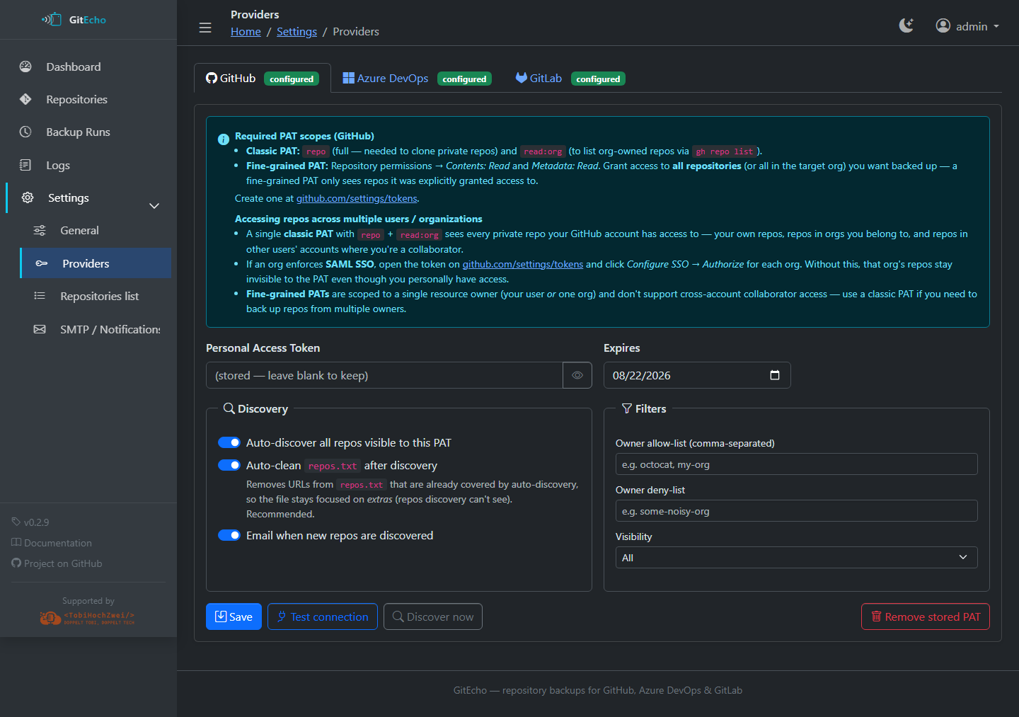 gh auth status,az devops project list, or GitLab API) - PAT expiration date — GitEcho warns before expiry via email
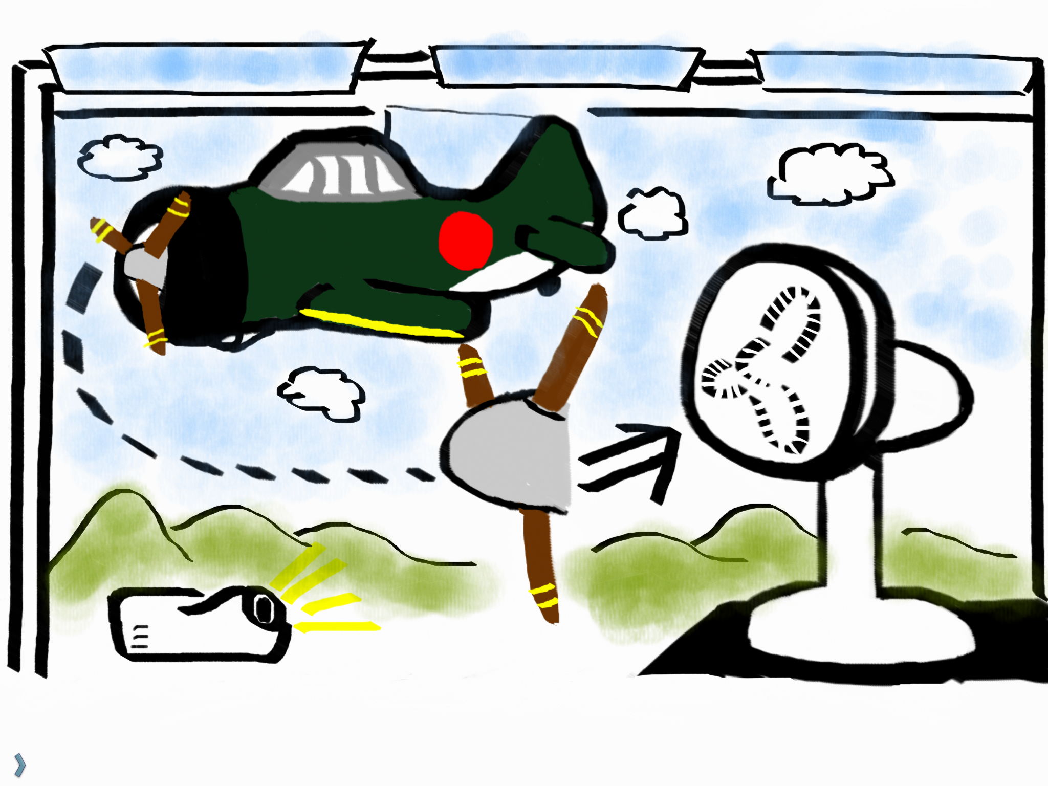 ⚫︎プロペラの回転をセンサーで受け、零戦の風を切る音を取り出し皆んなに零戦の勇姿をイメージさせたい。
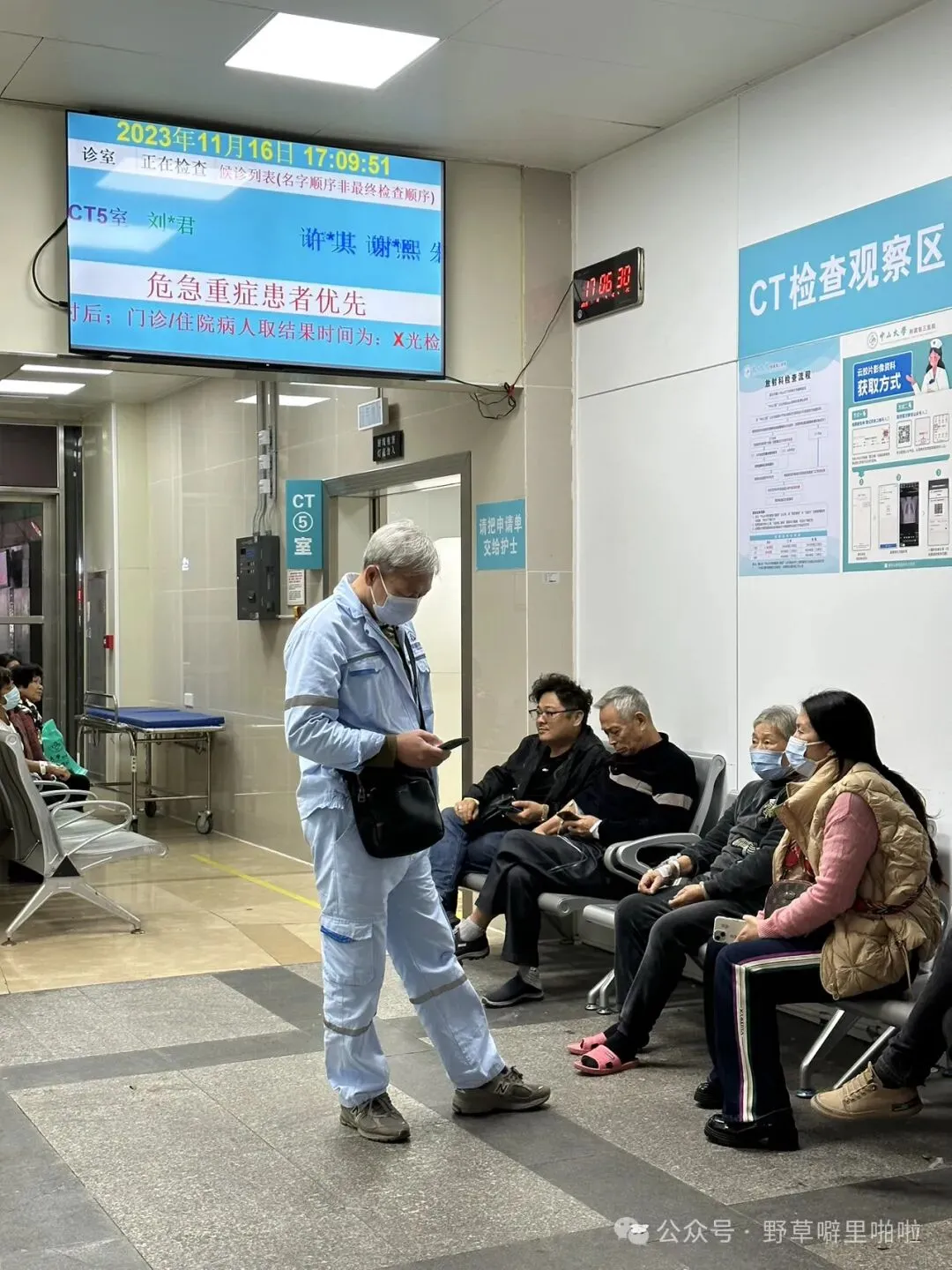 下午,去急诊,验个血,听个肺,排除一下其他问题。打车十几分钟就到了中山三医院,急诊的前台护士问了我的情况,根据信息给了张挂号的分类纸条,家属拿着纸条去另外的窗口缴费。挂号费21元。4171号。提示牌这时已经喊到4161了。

● What to do
Only the pictures may be dropped when you copy the data above; everything else stays exact.

● Answer to this task
 gh auth status,az devops project list, or GitLab API) - PAT expiration date — GitEcho warns before expiry via email
 ⚫︎プロペラの回転をセンサーで受け、零戦の風を切る音を取り出し皆んなに零戦の勇姿をイメージさせたい。
 下午,去急诊,验个血,听个肺,排除一下其他问题。打车十几分钟就到了中山三医院,急诊的前台护士问了我的情况,根据信息给了张挂号的分类纸条,家属拿着纸条去另外的窗口缴费。挂号费21元。4171号。提示牌这时已经喊到4161了。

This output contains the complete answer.